Toponym recognition. Many different approaches to toponym recognition have been undertaken, though all share certain characteristics. The idea is to extract the “interesting” phrases, or the ones most likely to be references to geographic locations and other entities, given the surrounding context. These phrases are collectively called the article’s “entity feature vector,” or EFV. The easiest way to identify the EFV is to look for phrases in the document that exist in a gazetteer or database of geographic names and locations. This approach is utilized by many researchers as their primary search strategy.² In particular, Web-a-Where,² a system for associating geography with Web pages, uses a small, well-curated gazetteer of approximately 40,000 locations, created by collecting the names of countries and cities with populations greater than 5,000. This size imposes a serious limitation on Web-a-Where’s practical geotagging capabilities, as it precludes it from being able to recognize the lightly populated, usually local, places commonplace in articles from local news sources. Moreover, a small gazetteer means Web-a-Where is more prone to making toponym-recognition errors because it misses out on being aware of geo/non-geo ambiguity afforded by the use of larger gazetteers.

To deal with the geo/non-geo ambiguity inherent in larger gazetteers, researchers, including Martins et al.,²⁷ Rauch et al.,³³ and Stokes et al.,⁴⁵ have proposed a variety of heuristics for filtering potentially erroneous toponyms. MetaCarta³³ recognizes spatial cue words (such as “city of”), as well as certain forms of postal addresses and textual representations of geographic coordinates. However, this strategy causes serious problems when geotagging newspaper articles, as the address of a newspaper’s home office is often included in each article. Given MetaCarta’s primary focus on larger prominent locations, these properly formatted address strings play too large a role in its geotagging process, resulting in many geotagging errors.

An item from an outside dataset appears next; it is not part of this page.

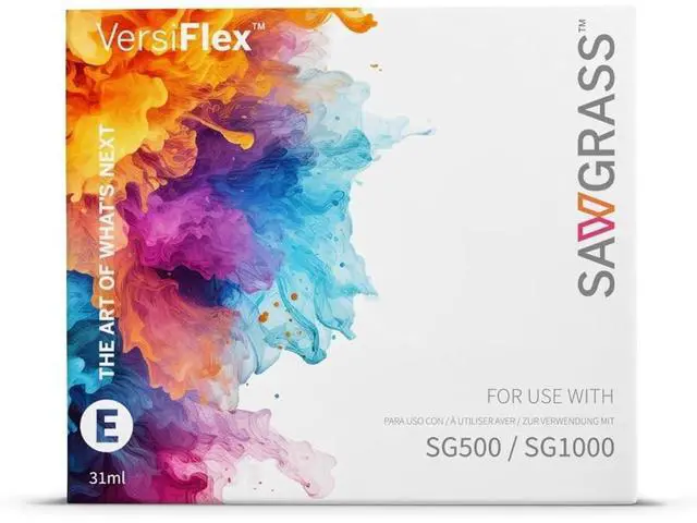 Exclusively designed for the entry-level professional, Sawgrass has you covered. ^^ Unleash Vibrant Colors & Soft Feel - VersiFlex Decoration Inks that deliver stunning, true-to-life colors with a soft touch. No more stiff, uncomfortable transfers for a professional finish - unlike DTF printing. ^^ Game-changing Innovation - VersiFlex 70910 inks exceed traditional sublimation ink. SubliJet and VersiFlex setups are not interchangeable. Using the wrong configuration may result in printer damage.

Other approaches to toponym recognition are rooted in solutions to related problems in natural language processing. For example, Named-Entity Recognition (NER)⁴⁷ focuses on nouns and noun phrases, aiming to identify noun phrases from an article that correspond to various entity classes (such as PERSON, ORGANIZATION, and LOCATION). Phrases tagged as LOCATION are most likely to be locations and stored as geographic features of the entity feature vector, while ORGANIZATION and PERSON phrases are stored as non-geographic features. NER approaches can be classified roughly as rule-based^18,31 or statistical.¹⁷

Rule-based solutions feature catalogs of rules listing possible contexts in which toponyms may appear. On the other hand, statistical solutions rely on annotated corpora of documents to train language models using constructs like hidden Markov models (HMMs)⁴⁷ and conditional random fields (CRFs).¹⁵ HMMs and CRFs are used widely when annotated corpora are available. NewsStand’s toponym-recognition procedure uses the NER tagger of the LingPipe toolkit⁴ that was trained on news data from the Message Understanding Conference, or MUC-6, and the well-known Brown corpus.⁹

Note that NER tagging does not preclude use of a gazetteer. Instead, these tagging methods serve as filters or pruning devices for controlling the number of lookups made to the gazetteer. The downside is that if an entity is not identified as a potential location, it will be missed, which happens. NewsStand uses GeoNames (http://geonames.org/), an open gazetteer originally assembled from more than 100 gazetteers, including the GEOnet Names Server and Geographic Names Information System. It is maintained by volunteers worldwide and currently contains the names of approximately 8.5 million different geographic locations, of which approximately 5.5 million are unique, with the difference accounting for the need to perform toponym resolution or resolve geo/geo ambiguity. The NewsStand gazetteer contains almost 16.3 million entries due to its need to keep track of the names of each location in multiple languages.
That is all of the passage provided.